The United States has refused to provide Javelin antitank missiles, anti-battery radar that can see into Russian territory, and state-of-the-art intelligence capabilities and communications gear. During President Barack Obama's time, there was a push by top State Department and U.S. military officials, supported by both parties in Congress, to change that policy. But the Obama White House delayed until it became clear the foot-dragging was a decision not to act.

In 2015, the House voted 348 to 48 to pass a resolution urging Obama to provide Ukraine with defensive weapon systems. The measure was sponsored by Eliot L. Engel (D-N.Y.), the House Foreign Affairs Committee's ranking Democrat, who told me Trump needs to make a decision now.
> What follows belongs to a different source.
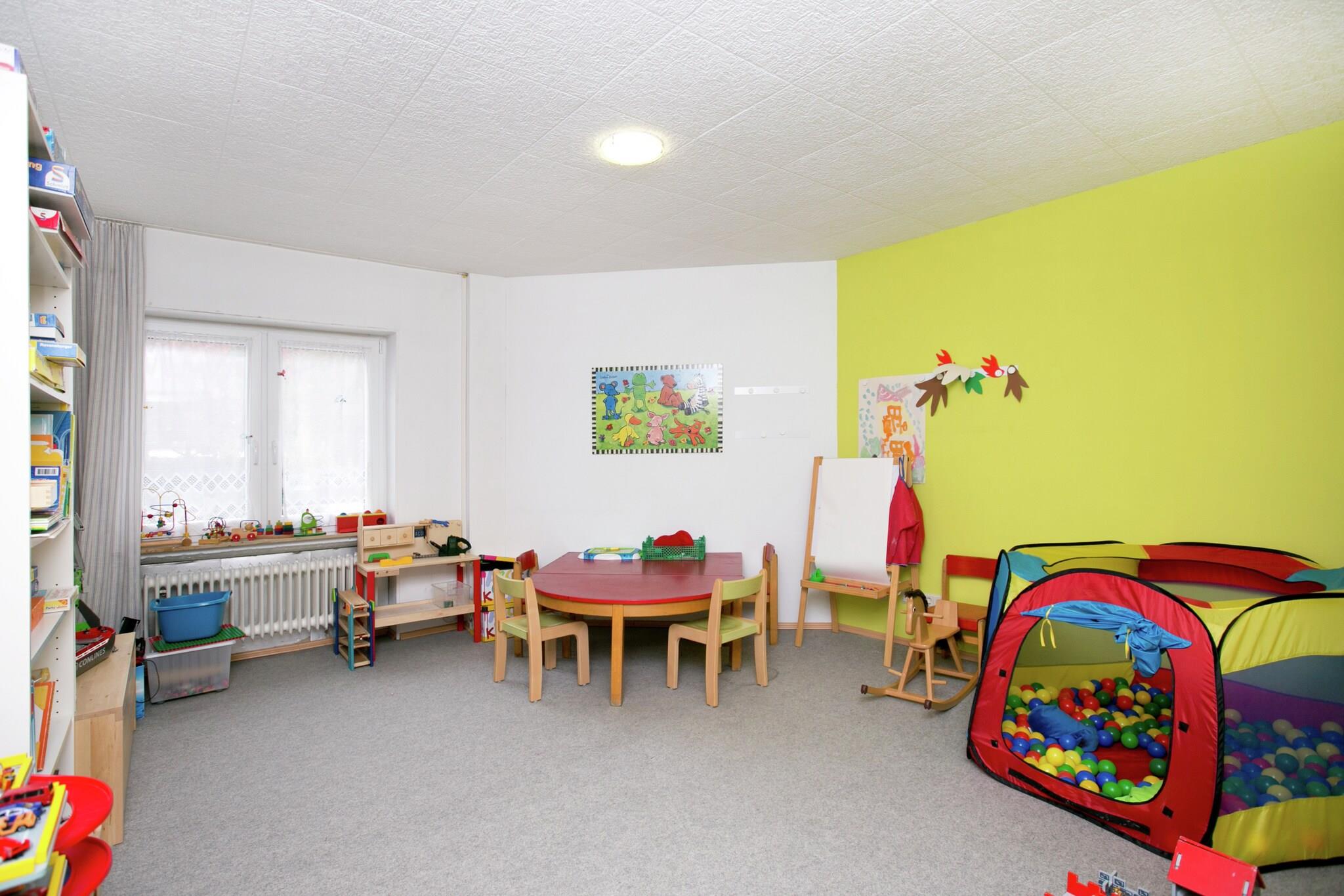 Abschliessbare Halle für Fahrräder und Motorräder. Gästewaschzimmer mit Waschmaschine, Trockner und Bügelbrett stehen bereit und ein Indoorspielzimmer mit Tischtennisplatte, Kicker und Mal-Bastel- und Spielbereich.

"I've supported providing Ukraine with defensive weapons for years," Engel said. "But we've failed to act, demoralizing the Ukrainians and signaling weakness to Putin. It's time for the administration to quit dithering and show whose side we're really on."

In addition to bolstering its forces in eastern Ukraine, Moscow is pushing a diplomatic and public propaganda effort both inside Ukraine and abroad. Putin wants to place peacekeepers on Ukrainian territory as a means of cementing the position of Russian-supported rebels. He is working to bolster the legitimacy of the breakaway provinces and the Russian-supported figures who run them.

There is also a sophisticated campaign under way to smear the Ukrainian government, which even included a sham hearing at the U.S. Capitol. At the event, former representative Connie Mack (R-Fla.) lambasted alleged corruption in Ukraine's national bank, with the charges quickly broadcast back into Ukraine.

The Trump administration's Ukraine policy is centered on reinvigorating the Minsk process, which requires Russia to honor a cease-fire, remove its heavy weapons from Ukrainian territory and respect the border. Putin is doing none of these things. The Trump administration appointed former U.S. ambassador to NATO Kurt Volker to pursue progress on implementing Minsk, but so far there has been none.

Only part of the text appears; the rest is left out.